WHAT IS EXPECTED
Please return every line of the material verbatim and skip any images.
[AVAILABLE DATA Boundary: Start]
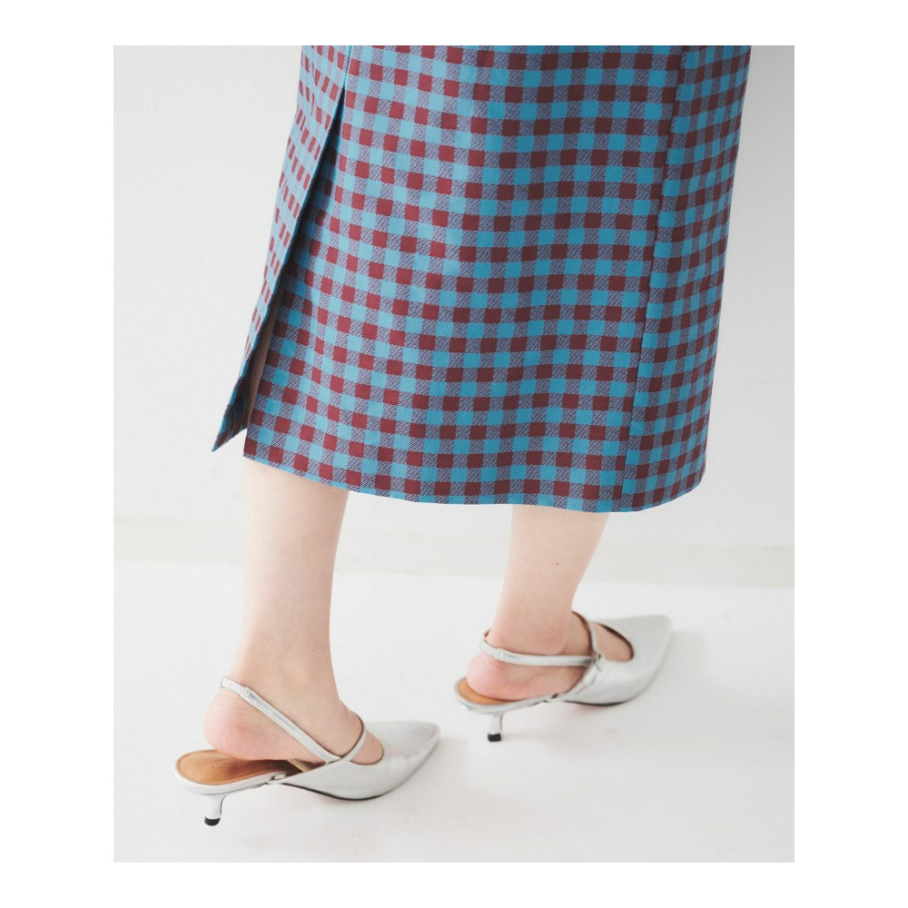 ギンガムチェックのペンシルスカートは、すっきりとした縦長シルエットとミディレングスがレトロモダンな雰囲気。
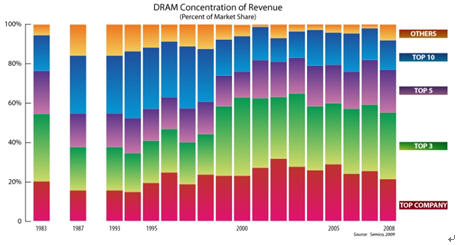 能夠看到的兼并主要集中在半導體的制造部分, 如在存儲器DRAM, 尤其是近10年來。從數據看DRAM供應商中, 前1, 前3及前5及前10位從進入新世紀以來它們的份額都在減少, 實際上近25年來它們己進行了多次兼并。從1983年計(公司剛開始有DRAM數據)DRAM的前1, 前3及前5的市場份額幾乎未變, 而依前10計, 比1983年時還稍少了一些。
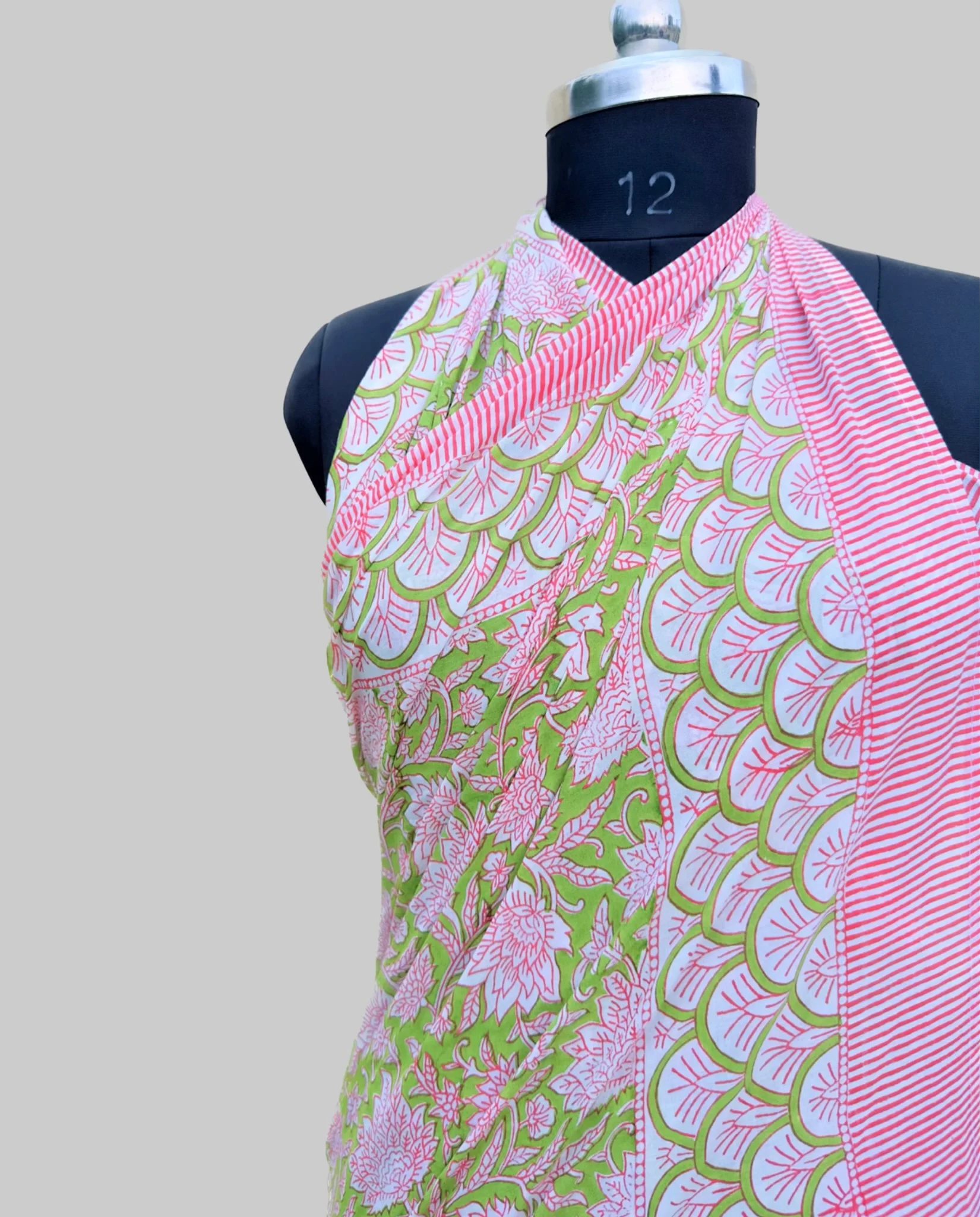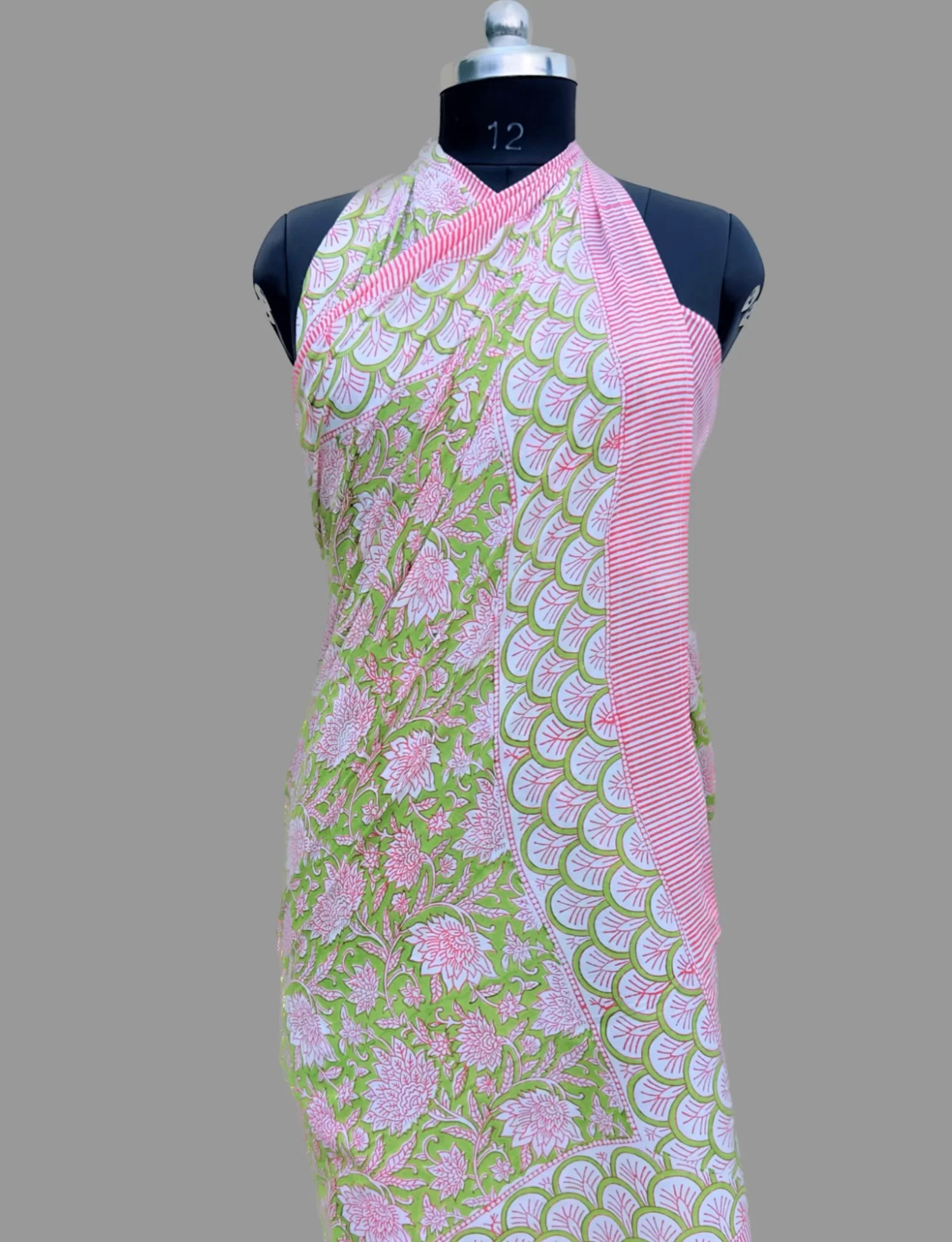 This is hand block print summer fashion cotton beach Scarf. This is made by light weight voil, skin friendly cotton. it is mostly preferred for summer as a cover-up for beach or pool parties.
[AVAILABLE DATA Boundary: End]
EXERCISE RESPONSE
 ギンガムチェックのペンシルスカートは、すっきりとした縦長シルエットとミディレングスがレトロモダンな雰囲気。
 能夠看到的兼并主要集中在半導體的制造部分, 如在存儲器DRAM, 尤其是近10年來。從數據看DRAM供應商中, 前1, 前3及前5及前10位從進入新世紀以來它們的份額都在減少, 實際上近25年來它們己進行了多次兼并。從1983年計(公司剛開始有DRAM數據)DRAM的前1, 前3及前5的市場份額幾乎未變, 而依前10計, 比1983年時還稍少了一些。
 This is hand block print summer fashion cotton beach Scarf. This is made by light weight voil, skin friendly cotton. it is mostly preferred for summer as a cover-up for beach or pool parties.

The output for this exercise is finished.